Sample data used to estimate the probability function, specified as a numeric vector.

Data Types: `single` | `double`

### Name-Value Arguments

Specify optional pairs of arguments as `Name1=Value1,...,NameN=ValueN`, where `Name` is the argument name and `Value` is the corresponding value. Name-value arguments must appear after other arguments, but the order of the pairs does not matter.

Example: `kde(a,Kernel="box",Bandwidth=0.8,Weight=wgt)` specifies a box kernel smoothing function with a bandwidth of `0.8` and vector of observation weights `wgt`.
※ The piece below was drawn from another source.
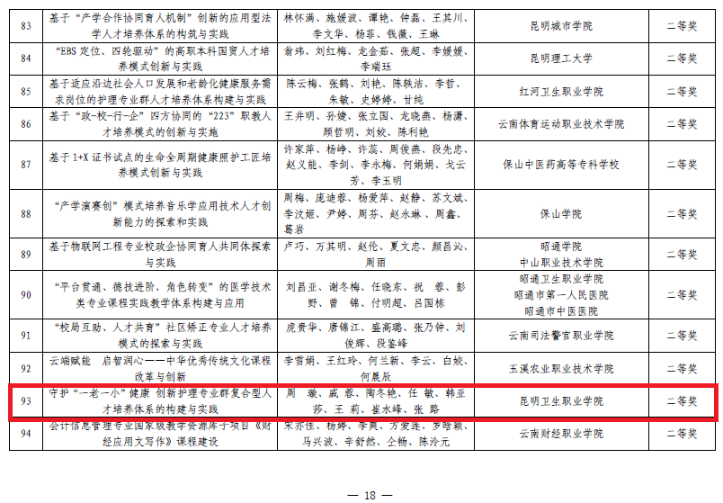 日,云南省教育厅、云南省人力资源和社会保障厅发布了关于表彰云南省教学成果奖的决(教发〔202313)通知,经过单位申报、专家评审、网上公示和云南省教学成果奖评选表彰领导小组审定,XK星空龙雨霏、李玉晶、王建松、李云飞、王思权、苏敏、周平、张磊团队的“服务--边’健康需求创新高职临床医学专业人才培养模式的探索”荣获一等奖(职业教育类);周璇、戚蓉、陶冬艳、任敏、韩亚莎、王莉、崔水峰、张路团队的“守护‘一老一小’健康创新护理专业群复合型人才培养体系的构建与实践”荣获二等奖(职业教育类)

Bandwidth for the kernel smoothing function, specified as `"normal-approx"`, `"plug-in"`, or a positive scalar.

• When `Bandwidth` is `"normal-approx"`, `kde` uses the normal-approximation method, or Silverman's rule of thumb, to calculate the bandwidth.

• When `Bandwidth` is `"plug-in"`, `kde` uses the improved plug-in method described in  to calculate the bandwidth. The plug-in method is sometimes called the Sheather-Jones method.

• When `Bandwidth` is a positive scalar, its value controls the smoothness of the probability function estimate. As the value increases, the probability function estimate gets smoother.

To see how `Bandwidth` affects the kernel smoothing function, see `Kernel`.

Example: `kde(a,Bandwidth="plug-in")`

Data Types: `single` | `double` | `string` | `char`

Points at which to evaluate the estimated probability function, specified as a numeric vector. By default, `kde` evaluates the estimated probability function at `NumPoints` evenly spaced points that cover the range of the observations in `a`.

If you specify both the `NumPoints` and `EvaluationPoints` name-value arguments, `kde` ignores `NumPoints`.

Example: `kde(a,EvaluationPoints=linspace(0,10,50))`

Data Types: `single` | `double`

Type of kernel smoothing function, specified as a function handle or one of the values in this table.

ValueEquation
`"normal"`${K}_{i}\left(x\right)=\frac{1}{\sqrt{2\pi }}{e}^{\frac{-{d}_{i}^{2}}{2}}$
`"box"`${K}_{i}\left(x\right)=\left\{\begin{array}{c}\frac{1}{2\sqrt{3}},|{d}_{i}|\le \sqrt{3}\\ 0,|{d}_{i}|>\sqrt{3}\end{array}$
`"triangle"`${K}_{i}\left(x\right)=\left\{\begin{array}{c}\frac{1-\frac{|{d}_{i}|}{\sqrt{6}}}{\sqrt{6}},|{d}_{i}|\le \sqrt{6}\\ 0,|{d}_{i}|>\sqrt{6}\end{array}$
`"parabolic"`$\begin{array}{l}{K}_{i,h}\left(x\right)=\mathrm{max}\left(0,\frac{3}{4}u\right),\\ u=\frac{1-\frac{{z}^{2}}{5}}{\sqrt{5}},\\ z=\mathrm{max}\left(-\sqrt{5},\mathrm{min}\left({d}_{i},\sqrt{5}\right)\right)\end{array}$

In the table, ${d}_{i}=\frac{x-{a}_{i}}{h}$, h is the bandwidth specified in the `Bandwidth` name-value argument, and `ai` is the element at position `i` in `a`. A parabolic kernel smoothing function is sometimes called an epanechnikov smoothing function.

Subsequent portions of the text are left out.